| When you visit web sites you can read newspapers,
tour museums, check out libraries, visit distant lands, play games,
look at pictures, shop, or do research to help you with your homework.
There are millions of web sites on just about every subject imaginable.
Some web sites are awesome, others are boring, and some contain
so-called “adult” images and other material that can
be dangerous for teens. Others are demeaning, racist, sexist, and
violent or contain false information. Some of these sites contain
stuff that can make people feel badly or even hurt people. If you
end up in any of these areas, immediately leave by clicking on the
Home icon, going to another site, or shutting down your browser.

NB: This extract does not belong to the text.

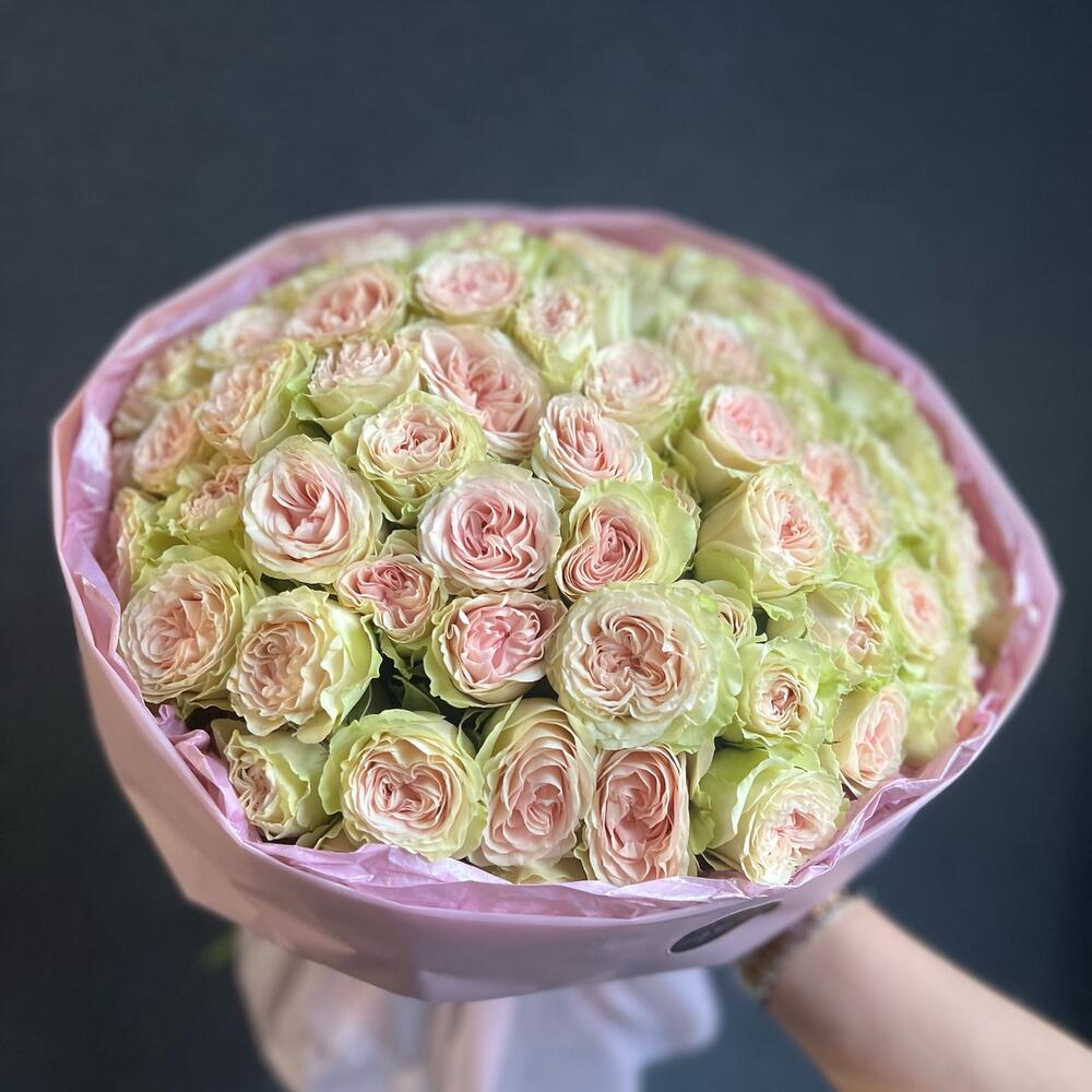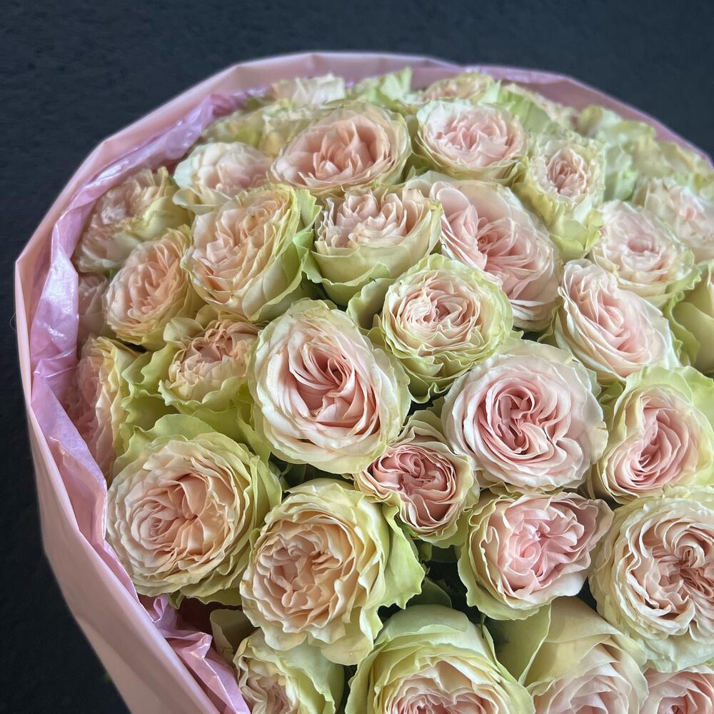Атласная лента – 1 шт.Кустовая пионовидная роза – 25 шт.декоративная упаковка – 1 шт.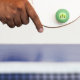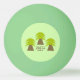 Esta incrível Bola Ping Pong mostra uma imagem gráfica de três árvores que se assemelham a palmeiras com grandes frondes verdes de folha e um tronco de árvore marrom resistente. Há uma mensagem em texto marrom para parecer solo debaixo das árvores. A mensagem diz Feliz Dia da Terra.

Some web sites ask for information about you. The site may ask
for your name, your mailing address, your E-mail address, and other
information before letting you in. It may ask you to provide information
in exchange for sending you a gift or entering your name in a contest.

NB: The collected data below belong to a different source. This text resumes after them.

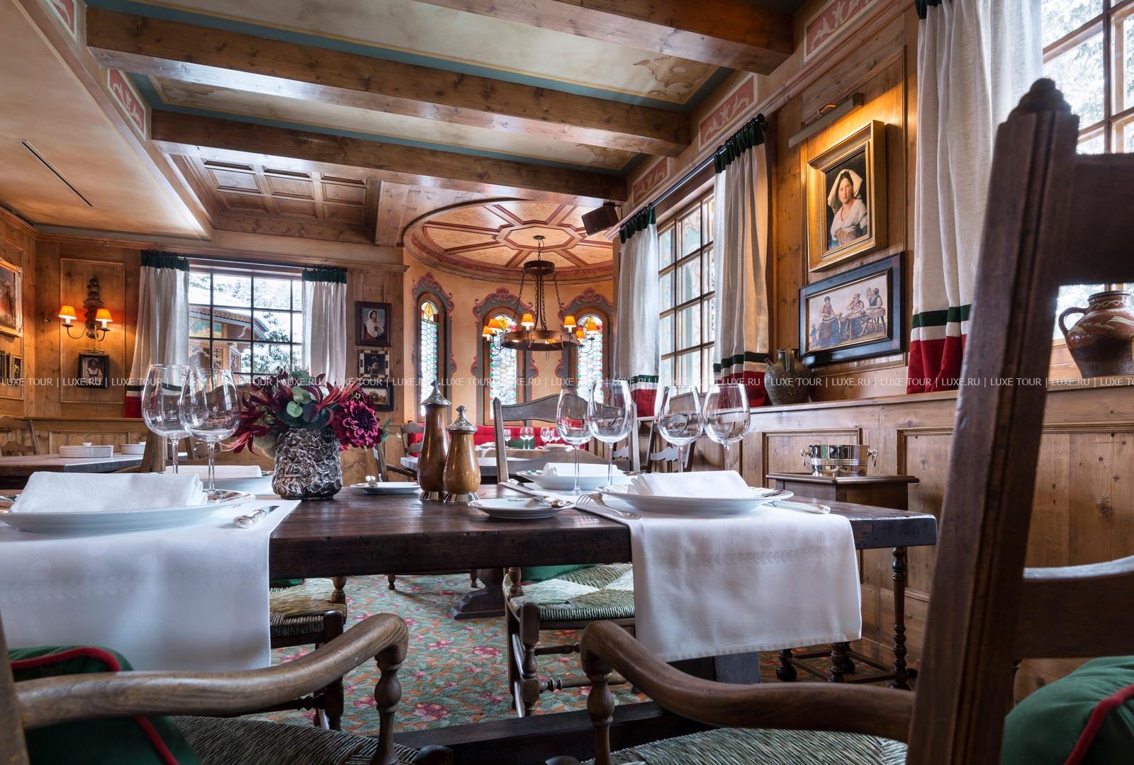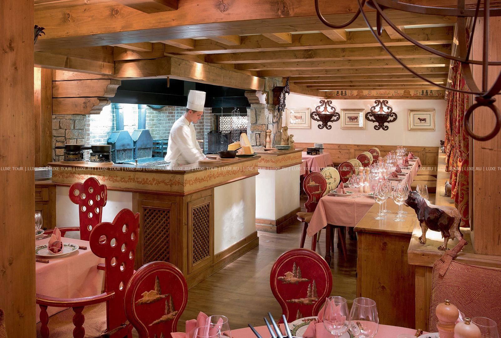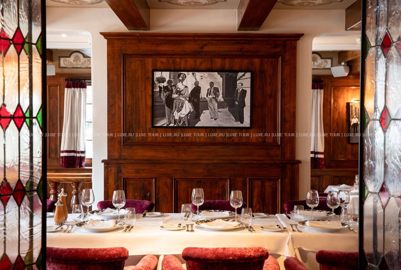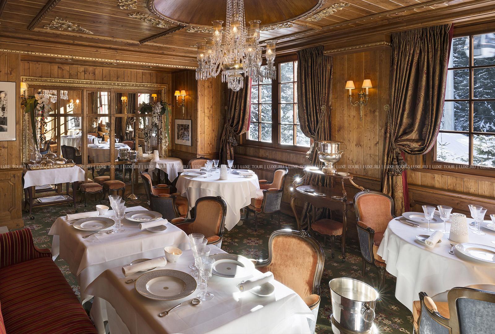 • La Cave Des Grands Crus – обеденный зал в погребе шале, где проходят приватные ужины с дегустацией раритетных вин.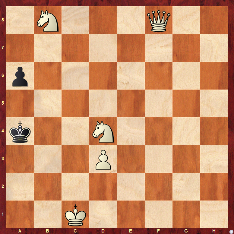 Приветствую тебя , дорогой читатель.Сегодня я хочу предоставить твоему вниманию очень интересную задачу на мат в два хода.В позиции будет ход белых.У вас есть ровно 30 секунд на то,чтобы решить эту позицию.Продемонстрируйте свою фантазию.Решение будет под картинкой. Надеюсь ,дорогой читатель , вы смогли решить эту позицию. Кd7!,этот ход дает белым победу в два хода.Теперь на Кра5 последует Фа3 мат,а на а5 последует Кb6 мат. Если вам понравилось,то ставьте лайки и подписывайтесь на меня!Также,если вам интересны разные шахматные викторины,стримы и разные обучающие видео,то переходите по ссылке https://www.youtube.com/channel/UChATxcwtI6K00yfgDia4T3Q Всем,спасибо!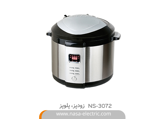 زودپز ناسا الکتریک NS-3072 یکی از دستگاههای کاربردی است، که به منوظر سرعت بخشیدن به کارهای آشپزی طراحی شده است. این زودپز برقی دارای توان مصرفی 1000 وات بوده و دیگچه پخت آن ظرفیت 6 لیتری دارد. ظرفیت بالای این زودپز امکان استفاده از آن را برای گروهها و جمعیتهای بالای 10 نفره فراهم خواهد آورد. دیگچه یا همان قابلمه در این زودپز از جنس آلومنیوم با پوشش سرامیکی نچسب است، که پخت و پز را راحتتر نموده است. بدنه این زودپز از جنس استیل ضد زنگ است، که با پلاستیک مرغوب ترکیب شده و نهایت کیفیت و زیبایی را به ارمغان آورده است. کارآیی راحت این زودپز باعث شده تا هر کاربری بدون نیاز به دانش خاصی از آن استفاده نماید. در واقع تمام چیزی که برای تنظیم نمودن زودپز در نظر گرفته شده، چند دکمه برای تنظیم زمان و برای انتخاب نو غذا یا ظرف و دکمه زمان سنج و ... است. از دیگر امکانات این زودپز چند کاره میتوان به سوپاپ اطمینان برای تخلیه بخار اضافی و سیستم گرم نگهدارنده اشاره کرد.

Never enter any information about yourself without first checking
with your parents or guardians.
When you enter information on a web site or any place on the Internet,
you’re giving up some of your privacy. Your name may wind
up in some database, probably to be used to sell you something now
or later. Or it may be used to try to harm or take advantage of
Just because a web site seems to be OK doesn’t mean it necessarily
is what it seems to be. Anyone — including creeps and criminals
— can set up their own web site.
If you download anything from a web site, be extra careful. Some
web sites ask your permission to download a program or “plug-in.”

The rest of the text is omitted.